The file opens and animates fine.

Opening the gif with a hex editor, the header looks like a regular gif header.


Scroll to the bottom, and this file is missing the standard gif trailer of 0x3B. (Read more about what’s in a valid gif.)

The hex values at the end are not the standard gif trailer.


There is data appended to this gif.

So what do we do with this information? One trick I like to employ with tampered image files is to do a reverse image lookup via Google. I upload the jareth1.gif file to google image search and get this back:


Clicking through a few of the visually similar images we find this gif. It animates the same and has the same dimensions as our jareth1.gif but a different size.

When diffing the two gifs, we can see that the original gif ended at offset 0x3436D with a valid trailer of 0x3B. Some shellcode and malware authors like to hide data by XOR-ing it with single or multi-byte hex values. Since it appears that the 0xAA bytes are repeating at the end of the file, and some data typically contains nulls, lets XOR the entire file by 0xAA.

Now let’s look at the leftover data’s header:


Based off of the header, it appears that the hidden data is a 7zip archive. Let’s save off this XOR’d data to another file.

One trick I like to use is 7zip’s ability to unzip files when the header is in the incorrect place. Simply use the command line or right click and select 7zip -> Extract here.

Decompressing that file gives us another file simply named “file”.

Taking a quick look at the header we see that this is an html file.

Renaming it to file.html and opening it with a browser yields this glorious ASCII art of David Bowie:


So what now?
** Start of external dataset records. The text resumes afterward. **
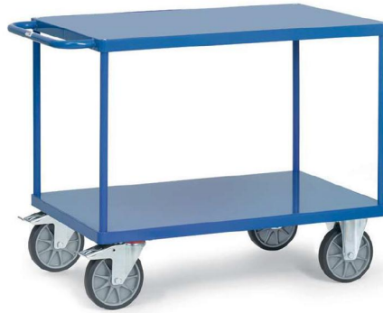
2400B | 2401B | 2402B | 2403B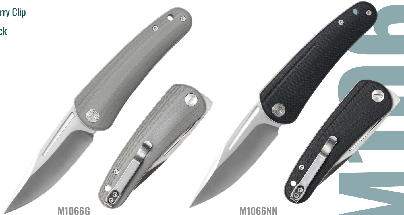
M1066G Grey G10 Satin

The MOLSECT Urban Budget Knife, Orbit embodies minimalist design at its finest. With the perfect balance of force arm and front flipper, it's simple yet highly effective.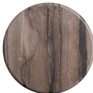
SEQUOIA BROWN (QUARTZITE) (MA3)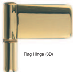
Flag Hinge (3D)

There’s no obfuscated javascript, just a seemingly incomprehensible mess of html. It also looks as if there is a repeating pattern of A7 A0 bookending some other data.

Let’s drop a section of that hex looking data into a hex editor:


None of it renders into ASCII, let’s try XORing it with 2 byte 0xA7A0 to see if there’s data underneath:


Still nothing to work with, but it does look like it could possibly be ASCII text.

Let’s undo that and try again with the original single byte 0xAA:


Much better. The text renders as:

Write a YARA rule to find normal valid GIF files.

Using the template below:

  1. replace each “**” pair in $header with the appropriate 6 bytes.
  2. replace each “*” in $trailer with the appropriate regex.
  3. replace the “*” in condition with the appropriate digit.

After reading this article about what’s in a gif:

  1. The header is self-explanatory.
  2. The regex format is required here to make sure there is no following data after the 3B
  3. And of course the header has to be at the beginning of the file at position 0

Submitting the rule above will result in the key: PAN{848Y_wIsh3D_4w4y}

Threat 3 Challenge: Matryoshkas got nothing on me.

Challenge Created By: Josh Grunzweig @jgrunzweig

For this challenge, we’re presented with a Python script. When you run the script, the only output you receive is this:

You fell into a pit and died… of dysentery.

Looking at the script, it appears to base64 decode the data and decrypt it before passing it to exec() function. The data is rather large, with over one million characters. It’s using AES for the encryption from the Crypto.Cipher suite and stepping through it with a debugger shows that it continues this iteration process where each blob of data executed contains the same code with a new blob of data.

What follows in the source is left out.